__Items from a dataset__.
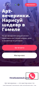 | AI-анализ | The web project "Рисуем шедевры в Гомеле" (Risuem.by) offers art parties and master classes for painting in Gomel, Belarus. Each participant can create a masterpiece even without previous experience. The studio, called "Рисуй" (Risuy), is a creative art studio providing art parties and master classes in Gomel, known for its high-quality delivery, professional approach, and unique master class programs. The studio uses only professional materials and works individually with each participant, ensuring that every attendee leaves with their own masterpiece. The art party lasts for three hours, including a 5-minute break. The cost includes drinks (water, tea, coffee) and sweets (cakes, candies). Participants can bring their own snacks and drinks or order from the studio's partners. The master class covers three hours |
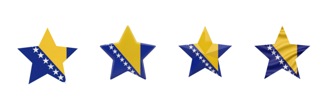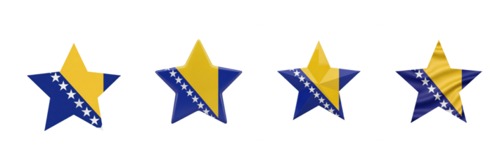 Set of four Bosnia and Herzegovina flag stars, patriotic national symbols, Bosnia and Herzegovina star shape decorations, isolated on white background, 3D render, holiday PNG.
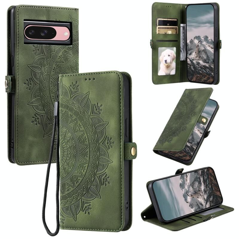 Για το Google Pixel 9 / 9 Pro Skin Feel Totem ανάγλυφη δερμάτινη θήκη τηλεφώνου (βαθύ πράσινο)
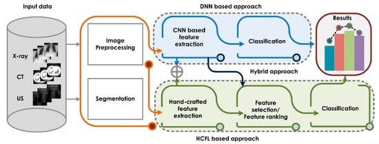 Based on the state-of-the-art AI techniques to automatically detect COVID-19 using medical imagery, we categorized the methodologies as: (i) the DNN-based approach, (ii) the HCFL-based approach, and (iii) the hybrid approach. The input data consisted mainly of X-ray, CT, and US medical images of patients. In the DNN-based approach, convolutional neural networks (CNNs) are employed to automatically characterize the COVID-19 imagery. The DNN approach groups the feature extraction and classification components into an integrated neural network. In the HCFL-based approach, knowledge of features extraction techniques is required, followed by feature selection/ranking and classification stages. The hybrid approach fuses the methodologies from DNN- and HCFL-based approaches to obtain promising results. Figure 3 illustrates the key components used in the COVID-19 detection system.
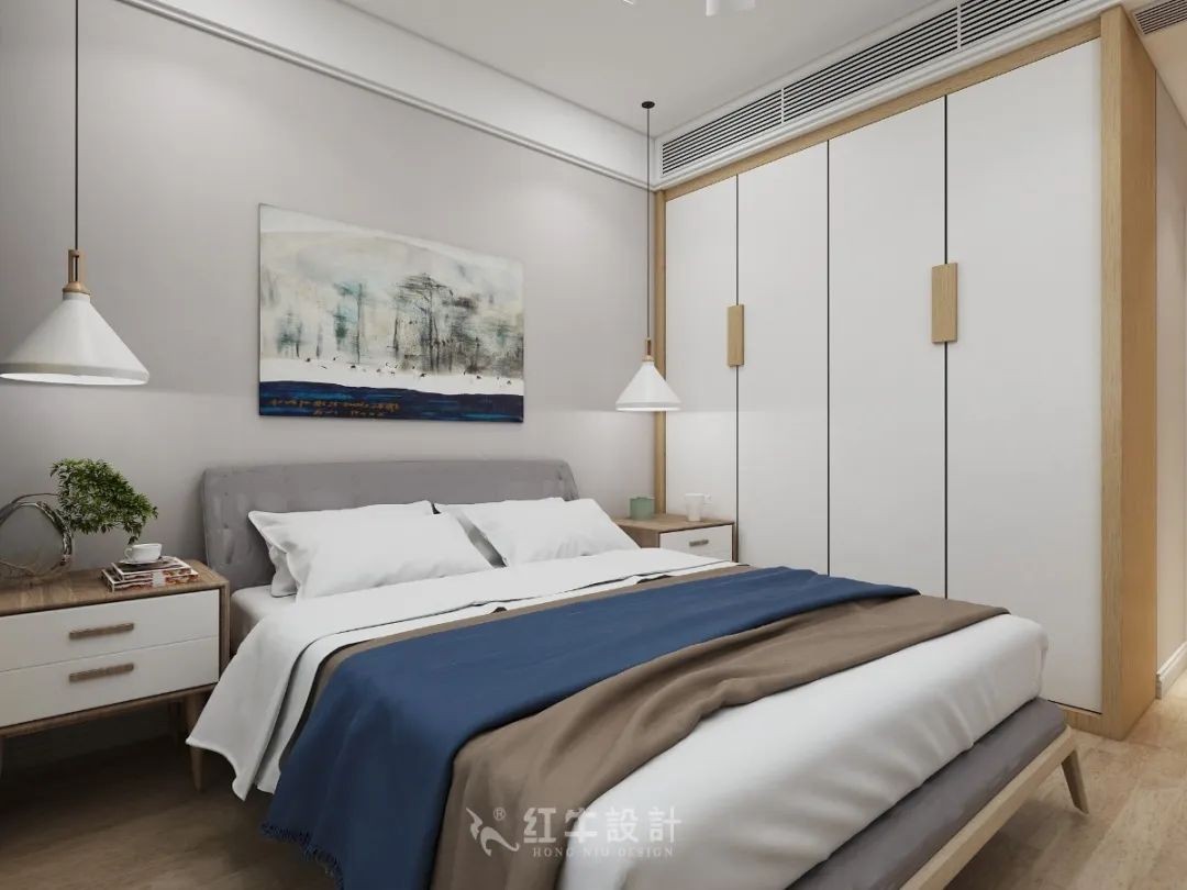 灰色調(diào)背景墻,布藝的床頭簡潔大方。床頭柜和衣柜非常協(xié)調(diào),兩側(cè)的床頭吊燈充分體現(xiàn)的了時尚感,同時也讓床頭柜的空間釋放出來。

__EXERCISE INSTRUCTIONS__. Only an exact copy of the lines from the top of the entries through the line with "Για το Google", both included, should be given, with all pictures omitted.

__SOLUTION TO THE PROBLEM__.
 | AI-анализ | The web project "Рисуем шедевры в Гомеле" (Risuem.by) offers art parties and master classes for painting in Gomel, Belarus. Each participant can create a masterpiece even without previous experience. The studio, called "Рисуй" (Risuy), is a creative art studio providing art parties and master classes in Gomel, known for its high-quality delivery, professional approach, and unique master class programs. The studio uses only professional materials and works individually with each participant, ensuring that every attendee leaves with their own masterpiece. The art party lasts for three hours, including a 5-minute break. The cost includes drinks (water, tea, coffee) and sweets (cakes, candies). Participants can bring their own snacks and drinks or order from the studio's partners. The master class covers three hours |
 Set of four Bosnia and Herzegovina flag stars, patriotic national symbols, Bosnia and Herzegovina star shape decorations, isolated on white background, 3D render, holiday PNG.
 Για το Google Pixel 9 / 9 Pro Skin Feel Totem ανάγλυφη δερμάτινη θήκη τηλεφώνου (βαθύ πράσινο)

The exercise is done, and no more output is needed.